Song by Kendrick Lamar

from the album Damn
- Recorded: 2017
- Genre: Jazz rap
- Length: 3:35
- Label: Top Dawg; Aftermath; Interscope;
- Songwriters: Kendrick Duckworth; Mark Spears;
- Producer: Sounwave;

= Feel (Kendrick Lamar song) =

"Feel" (stylized as "FEEL.") is a song by American rapper Kendrick Lamar, from his fourth studio album Damn, released on April 14, 2017. The fifth track on the album (tenth on the Collector's Edition of Damn), the song was written by Lamar and Mark Spears, Sounwave, and produced by Sounwave. The song features bass from bass guitarist Thundercat and vocals from Chelsea Blythe. The song originally had a music video which was not released, but leaked on YouTube.

== Lyrics ==
The song sees Lamar taking a deeper look into the void and isolation caused by fame and success, specifically how he feels detached from his family and friends.

A common recurrence in "Feel" is the phrase "Ain't nobody prayin' for me", a sentiment that Lamar "revisits elsewhere".

== Critical reception ==
In a positive review, writers of Rolling Stone magazine said "with round, textured notes from the Grammy-winning bass virtuoso Thundercat and a rickety, rim-shot drum pulse, "Feel" nods to the live-musician inflections of To Pimp a Butterfly – or the sixth track from last year's untitled unmastered. Ann Powers of NPR Music also gave a positive review, saying "Feel" was the first song that "jumped out" at her on Damn. Powers also commented that the song is reminiscent of To Pimp a Butterfly.

== Samples ==
The song contains a sample of the song "Stormy" by American musician O. C. Smith from the album For Once in My Life. It also contains interpolations from "Don't Let Me Down" by Fleurie from the album Love and War.

==Live performances==
Lamar has performed "Feel" as an encore on the Damn tour.

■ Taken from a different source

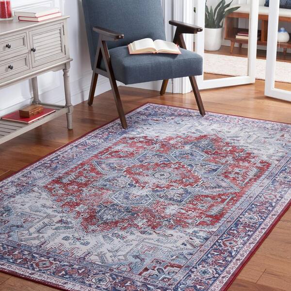 Tuscon Red/Navy 9 ft. x 12 ft. Machine Washable Floral Area Rug
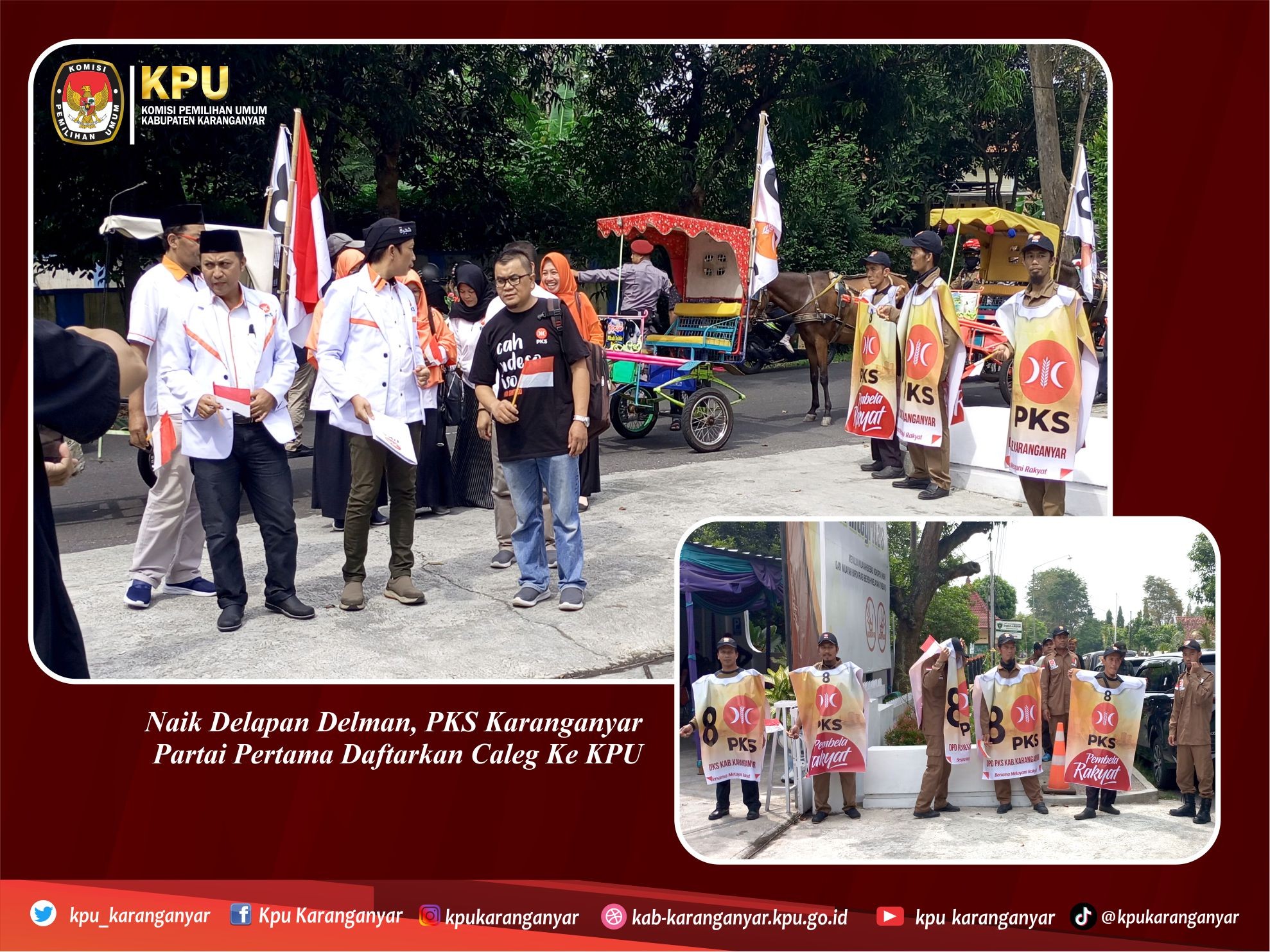 Hari ke-9 Partai Keadilan Sejahtera (PKS) Naik Delapan Delman dan Menjadi Pendaftar Pertama Bacaleg di KPU Kabupaten Karanganyar

== Credits and personnel ==
Credits adapted from the official Damn digital booklet.
- Kendrick Lamar – songwriter
- Mark Spears – songwriter, producer, mixing
- Thundercat – bass
- Chelsea Blythe – additional vocals
- Matt Schaeffer – additional guitar, mixing
- Derek Ali – mixing
- Tyler Page – mix assistant
- Cyrus Taghipour – mix assistant

== Charts ==

| Chart (2017) | Peak position |
|---|---|
| Austria (Ö3 Austria Top 40) | 66 |
| Canada Hot 100 (Billboard) | 30 |
| Czech Republic Singles Digital (ČNS IFPI) | 80 |
| France (SNEP) | 105 |
| Germany (GfK) | 82 |
| Ireland (IRMA) | 34 |
| Netherlands (Single Top 100) | 56 |
| New Zealand (Recorded Music NZ) | 32 |
| Portugal (AFP) | 28 |
| Slovakia Singles Digital (ČNS IFPI) | 41 |
| Sweden (Sverigetopplistan) | 51 |
| UK Singles (Official Charts) | 46 |
| US Billboard Hot 100 | 35 |
| US Hot R&B/Hip-Hop Songs (Billboard) | 21 |

==Certifications==

| Region | Certification | Certified units/sales |
| Australia (ARIA) | Gold | 35,000^{‡} |
| Canada (Music Canada) | Platinum | 80,000^{‡} |
| New Zealand (RMNZ) | Gold | 15,000^{‡} |
| United Kingdom (BPI) | Silver | 200,000^{‡} |
| United States (RIAA) | Gold | 500,000^{‡} |
^{‡} Sales+streaming figures based on certification alone.